The Company (D101-019)

The Company

This one was OpenQuest Modern. Around the early 2010s, when OQ had been out for a while,  one of the regulars posted about using OQ mashed up with D20 Modern SRD to create a secret service vs Cthulhu game on our forum. I said nope on that one for many reasons, and I realised that I was enjoying all manner of Modern Day thrillers and had no roleplaying outlet.  So I put out the call for someone to turn the OQ SRD into OQ Modern, and Rik Kershaw Moore answered the call. About 12 months later, The Company was the result. Published on 13/04/2012, as a softcover/hardcover and pdf via Lulu.com

The game is centred firmly around a fictional UK Private Military Contractor, a modern-day mercenary company that recruit primarily from ex-UK Armed Forces and with a Royal Charter to provide military services in response to falling numbers of UK armed forces.

In many ways, the Company is my favourite of the early trio of OQ games, completed by OQ 1-2 (Fantasy) and River of Heaven (Sci-Fi). I ran some fun convention games. Operation Mudbrick, where operatives guard an archaeological team in the ancient city of UR post-Gulf War 2, and Operation Camphor, where the team reclaims a recording device left by a spy working for The Company that had been left in the Lockheed Sea Shadow, which was now floating inside the hull of a converted cargo ship in one of the US Fleet Arm fleets, moored off the coast of California.
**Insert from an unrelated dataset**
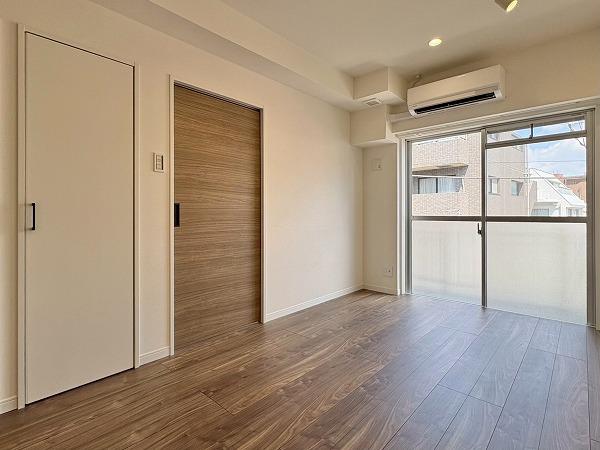 もう1つの洋室は約4.4帖ほどで、北東向きの大きな窓からバルコニーへ出られます。風と光が気持ちよく入って、毎日ハッピーな気分に♪きなクローゼットもあるので、洋服や季節ものの荷物もスッキリ収納可能。

In many ways, the scenarios I ran for The Company, although based on real-life situations, were more fantastic and eye-opening than the weirdest fantasy adventures I’ve written.
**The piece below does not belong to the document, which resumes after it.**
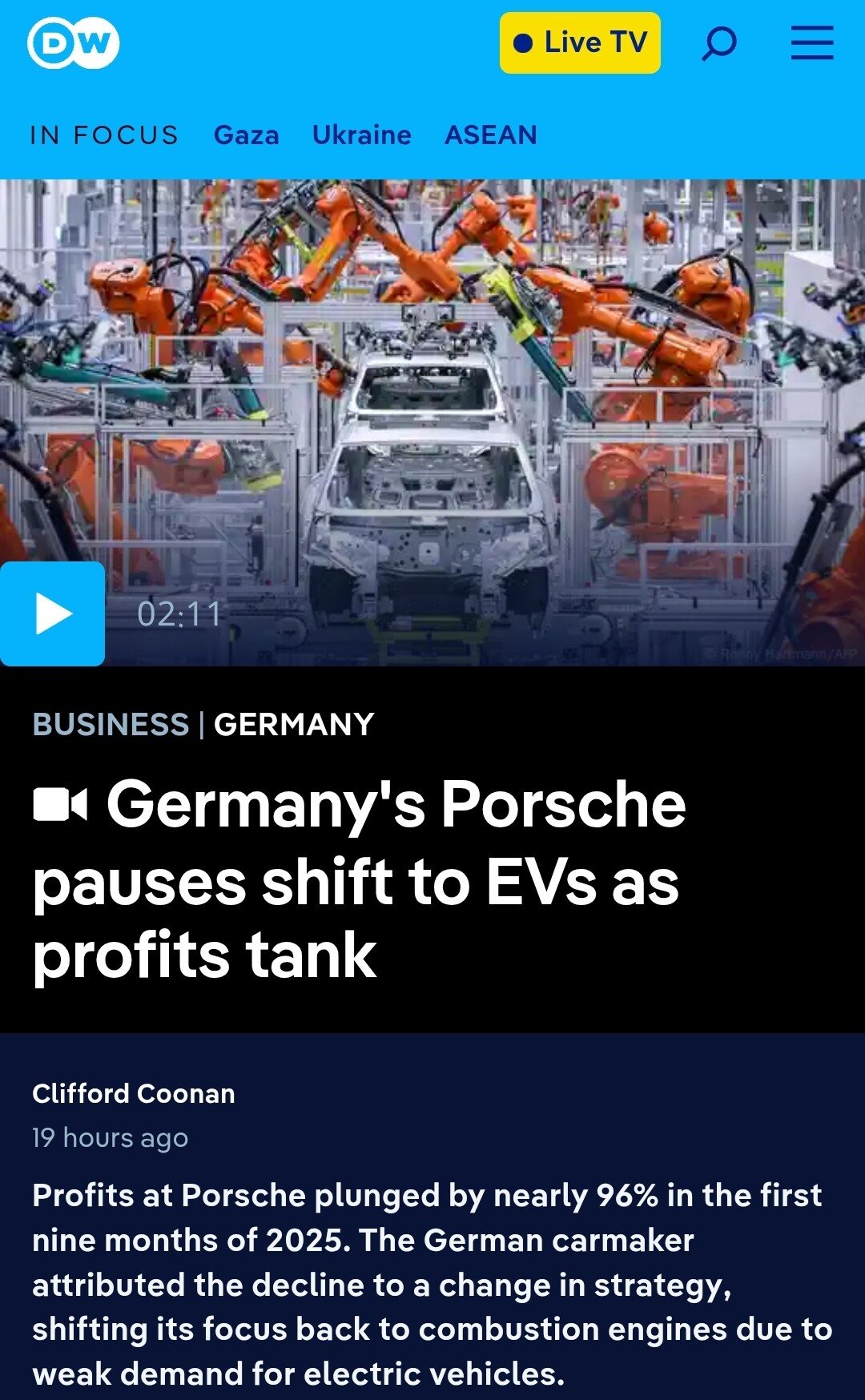 2025년 1월~9월 동안의 이익이 전년대비 96% 감소 했다는 포르쉐

While the Company was a good steady seller over the years, I never got beyond publishing the core rulebook, even though there was an adventure book and companion written because its principal author – Rik – suddenly left the hobby.  The main rulebook finally went out of print at the end of the OQ3 Kickstarter back in October 2020.

One day, I hope to bring back The Company for OQ 3, but it will be a slightly different set-up, with a different name (Modern Operations is the current favourite).

Update: Inspired by the nostalgia this post brought up, and with my interest piqued as a Game Designer, I’ve started working on the spiritual successor to the Company, Modern Operations.